Located in hed.models.query_handler, QueryHandler is the full-featured search engine. It compiles a query string into an expression tree once, then evaluates that tree against HedString objects that have already been parsed against a loaded HedSchema.

Key characteristics:

Input is a HedString object; a full HedSchema is required.
Output is a list[SearchResult] containing HedTag / HedGroup object references, useful for tag-level introspection (not just row filtering).
Supports the complete query language: &&, ||, ~, @, {}, [], {:}, ?, ??, ???.
@A means A must not appear anywhere in the string.
Ancestor matching is exact — the schema normalises both query and string tags to short form, so Event matches Sensory-event because the schema knows Sensory-event descends from Event.
Per-string cost includes a full HedString parse and schema tag resolution.

Use QueryHandler when you need schema-aware ancestor matching, or when you want object references (e.g., to retrieve the matched group for further processing). See hed.models.query_handler.QueryHandler.

`StringQueryHandler` — tree-based schema-optional search¶

Warning

This facility is experimental. The API of hed.models.string_search and hed.models.schema_lookup may change in future releases without notice. These modules are not part of the stable public interface exported from the top-level hed package. Import directly from the sub-modules.

Located in hed.models.string_search, StringQueryHandler is a middle-ground implementation that inherits from QueryHandler and reuses the full expression-tree compiler, but operates on raw strings rather than pre-parsed HedString objects.

It parses each raw HED string into a lightweight StringNode tree that duck-types the HedGroup/HedTag interfaces expected by the existing expression evaluators — so all QueryHandler query syntax works unchanged.

Key characteristics:

Input is a raw string (or a plain list[str] via string_search()).
Schema is optional: pass a schema_lookup dict (see hed.models.schema_lookup) to enable ancestor matching for short-form strings (e.g. Event matching Sensory-event); omit it for purely literal matching.
Output is a list (truthy/falsy) — row-filtering only, no object references.
Supports the same full query syntax as QueryHandler (&&, ||, ~, @, {}, etc.).
@A carries the same semantics as QueryHandler — A must not be present.
Long-form strings (Event/Sensory-event) support ancestor matching via slash-splitting even without a lookup. Short-form strings (Sensory-event) require a schema_lookup for ancestor matching; without one, matching is purely literal.
Parse cost is a lightweight recursive split — much cheaper than a full HedString + schema parse.

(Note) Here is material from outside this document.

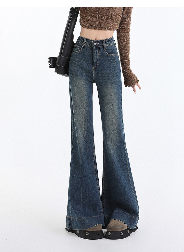 西遇显瘦高腰微喇裤女春季新款美式休闲小个子修身牛仔裤SS150002

Use StringQueryHandler when you have raw strings (not HedString objects), need the full QueryHandler query syntax, and either don’t have a schema available or want faster processing at the cost of losing full schema-aware ancestor matching. See hed.models.string_search.StringQueryHandler.

Generating a schema lookup¶

Note

hed.models.schema_lookup is part of the experimental string-search facility. Its interface may change in future releases.

If you want StringQueryHandler to resolve ancestors for short-form strings (e.g. query Event matching Sensory-event) without a full schema parse per row, you can pre-generate a lookup dictionary from a HedSchema:

from hed import load_schema_version
from hed.models.schema_lookup import generate_schema_lookup, save_schema_lookup, load_schema_lookup

schema = load_schema_version("8.4.0")
lookup = generate_schema_lookup(schema)  # {short_name_casefold: tag_terms_tuple}

# Persist for reuse
save_schema_lookup(lookup, "hed840_lookup.json")
lookup = load_schema_lookup("hed840_lookup.json")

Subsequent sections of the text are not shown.